ACQUISITION AGREEMENT

This Acquisition Agreement (the "Agreement") is entered into
as of May 29, 2001, by and among Allegheny Ventures, Inc., a
Delaware corporation, or its designee (the "Buyer"), Allegheny
Energy, Inc., a Maryland corporation ("Allegheny"), Conoco Inc.,
a Delaware corporation ("Conoco"), Alliance Gas Services, Inc., a
Kentucky corporation ("AGS"), John C. McCord, an individual
("McCord"), and Andrew R. Fellon, an individual ("Fellon," and
together with Conoco, AGS and McCord, the "Sellers"). The Buyer
and the Sellers are referred to collectively herein as the
"Parties."

WHEREAS, Fellon and McCord in the aggregate own all of the
outstanding shares of stock of both AGS and Fellon-McCord
Associates, Inc., a Kentucky corporation ("FMA" and together with
AGS, the "Target Corporations"); and

WHEREAS, each of AGS and Conoco owns a 50% partnership
interest in Alliance Energy Services Partnership, a Kentucky
general partnership ("AES" or the "Target Partnership" and
together with the Target Corporations, the "Targets").

This Agreement contemplates a transaction in which (1) the
Buyer will purchase from Fellon and McCord, and Fellon and McCord
will sell to the Buyer, all of the outstanding capital stock of
the Target Corporations in return for notes and performance
payments and (2) the Buyer will purchase from Conoco, and Conoco
will sell to the Buyer, its 50% partnership interest in the
Target Partnership.

Now, therefore, in consideration of the premises and the
mutual promises herein made, and in consideration of the
representations, warranties, and covenants herein contained, the
Parties agree as follows.

1. Definitions.

"Accredited Investor" has the meaning set forth in
Regulation D promulgated under the Securities Act.

"Actual EBITDA" has the meaning set forth in Section 2(d)
below.

"Adverse Consequences" means all actions, suits,
proceedings, hearings, investigations, charges, complaints,
claims, demands, injunctions, judgments, orders, decrees,
rulings, damages, dues, penalties, fines, costs, amounts paid in
settlement, Liabilities, obligations, Taxes, liens, losses,
expenses, and fees, including court costs and reasonable
attorneys' fees and expenses.

"AES Disclosure Schedule" has the meaning set forth in
Section 4 below.

"Affiliate" has the meaning set forth in Rule 12b-2 of the
regulations promulgated under the Securities Exchange Act.
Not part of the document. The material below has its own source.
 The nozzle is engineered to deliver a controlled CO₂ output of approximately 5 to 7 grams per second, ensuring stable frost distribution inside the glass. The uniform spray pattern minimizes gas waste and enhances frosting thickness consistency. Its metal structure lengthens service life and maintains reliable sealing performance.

"Affiliated Group" means any affiliated group within the
meaning of Code Section 1504(a).

"AGS Disclosure Schedule" has the meaning set forth in
Section 4 below.

"Basis" means any past or present fact, situation,
circumstance, status, condition, activity, practice, plan,
occurrence, event, incident, action, failure to act, or
transaction that forms the basis for any specified consequence.

"Buyer" has the meaning set forth in the preface above.
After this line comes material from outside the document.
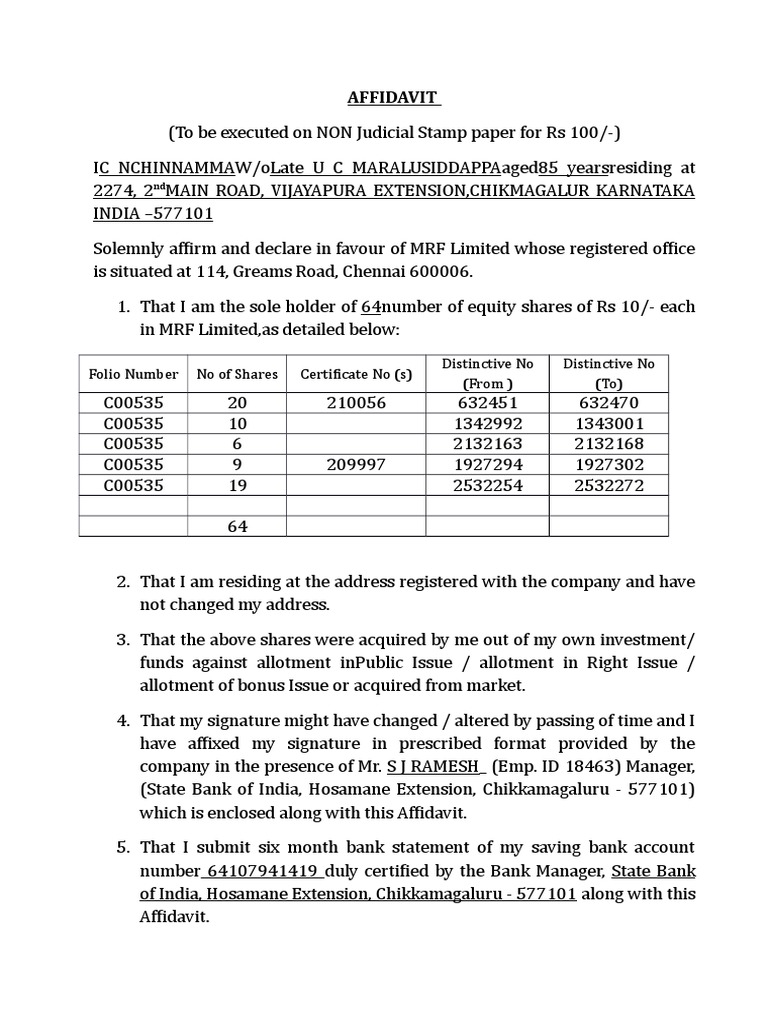 Address Proof Affidavit Online Create Affidavit Online Edrafter In. Find affidavits, forms, documents, visa application sample, notary information @ affidavitform.in. A bank affidavit is a legal document regarding an aspect of a customer's relationship with a bank. In the civil court of judicature at. That i have no loan in any bank. Blank bank affidavit forms are available, where people fill in the spaces and sign as directed. Draft a notice of motion for the appointment of a receiver in a suit also, draft an affidavit in support of the notice of motion. An affidavit is an oath, declare to be true and one should present before a magistrate or an authorize officer. It is in a written statement, used to prove the truthfulness of a. A bank sworn affidavit form is what you use when you want the person doing the affidavit to swear the things written on the paper. The swearing is done in front of the registrar, and this makes sure that. The sponsor's financial responsibility usually lasts until the. If you would like to be provided with information regarding your bank account's actions that you can use in court, then allow these sample bank affidavit forms to help you. Affidavit format, notary forms, legal forms, affidavit forms, sample affidavit. That i have been residing at _ since _ years and. Download free printable bank affidavit samples in pdf, word and excel formats.

"Closing" has the meaning set forth in Section 2(d) below.

"Closing Date" has the meaning set forth in Section 2(d)
below.

"Code" means the Internal Revenue Code of 1986, as amended.

"COBRA" means the requirements of Part 6 of Subtitle B of
Title I of ERISA and Code Section 4980B.

"Confidential Information" means any information concerning
the businesses and affairs of the Targets that is not already
generally available to the public.

"Disclosure Schedules" has the meaning set forth in Section
4 below.

"Employee Benefit Plan" means any (a) nonqualified deferred
compensation or retirement plan or arrangement, (b) qualified
defined contribution retirement plan or arrangement which is an
Employee Pension Benefit Plan, (c) qualified defined benefit
retirement plan or arrangement which is an Employee Pension
Benefit Plan (including any Multiemployer Plan), or (d) Employee
Welfare Benefit Plan or material fringe benefit or other
retirement, severance, bonus, or incentive plan or program.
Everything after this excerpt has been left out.